# gearbox remap???



## Dwain dibbly (Jan 19, 2013)

ive been talking to someone about remapping my 2008 TTS and they said because its s-tronic it would 
be better to map both the engine and the box?? ive never heard of mapping a gearbox before, is this correct?


----------



## TootRS (Apr 21, 2009)

You can map the gearbox ECU, but it isn't necessary when having the engine ECU mapped.


----------



## Dwain dibbly (Jan 19, 2013)

TootRS said:


> You can map the gearbox ECU, but it isn't necessary when having the engine ECU mapped.
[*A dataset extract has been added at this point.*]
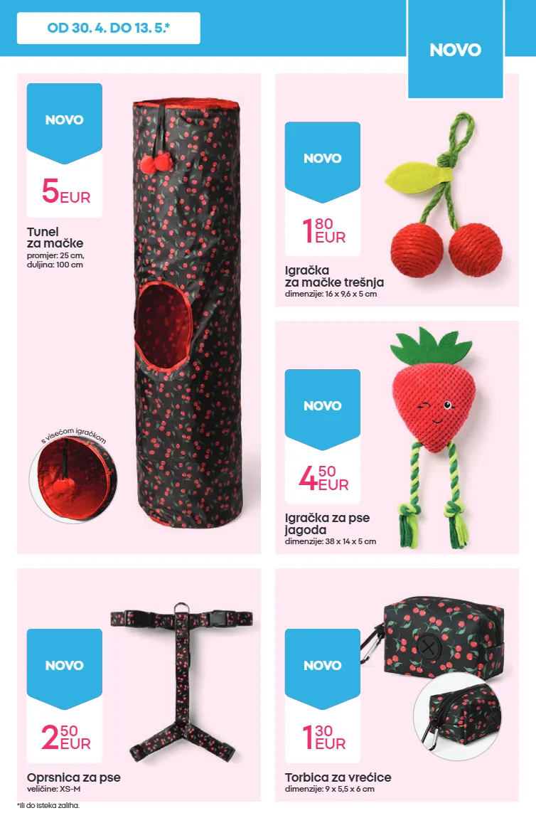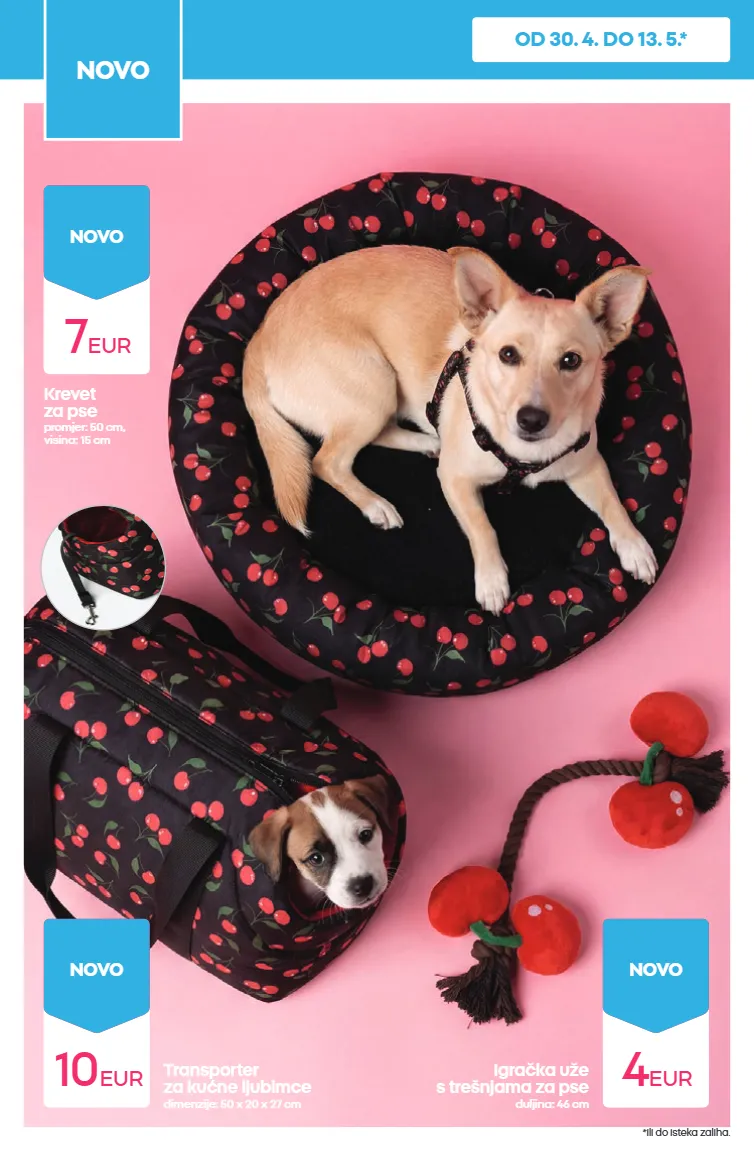 igračka uže s trešnjama za pse duljina: 46 cm transporter za kućne ljubimce dimenzije: 50 x 20 x 27 cm krevet za pse promjer: 50 cm, visina: 15 cm 4 eur novo 10 eur novo 7 eur novo novo *ili do isteka zaliha. od 30. 4. do 13. 5.*

any idea what the benefits are by mapping the box?


----------



## tjsafc (May 23, 2012)

I had a gearbox and engine remaps done together at shark performance. When in manual it actually stays as a manual, quicker changes, cant notice it and he said that it won't really make a difference due to how quick they change anyways, might increase how much torque can be put through gear box I might be wrong it was quite a few month ago and if you ask they can pretty much customise it to your liking. I have the 2.0tfsi and the changes it made along with engine remap were very good I'd recommend 100% and also recommend you speak to the lads at shark they no there stuff


----------



## _Dejan_ (Jul 31, 2012)

About gearbox remap is a lot of threads  Try Search for "DSG Remap" or "TCU Remap" 
I don't know what limits have set TTS gearbox but if have same as 2.0 6-gear s-tronic then you will with Stage 1 or Stage 2 probably hit limit 400-420Nm... You have few stages for DSG Remap depend of remaper...
Usualy Stage 1 increase torque limit to 500Nm, improve shifting time, increase launch control rm to 3200rpm, increase rpm limit, disable auto shift in manual, increase pressure on clutch pads, make sport mode more sportier...


----------



## TootRS (Apr 21, 2009)

The above 2 posts pretty much cover it. When I had mine done it decreased the shift time fractionally (it's already a blink of an eye tbh, so barely noticeable), increased the rev limiter past 7k, and disabled kickdown in manual mode.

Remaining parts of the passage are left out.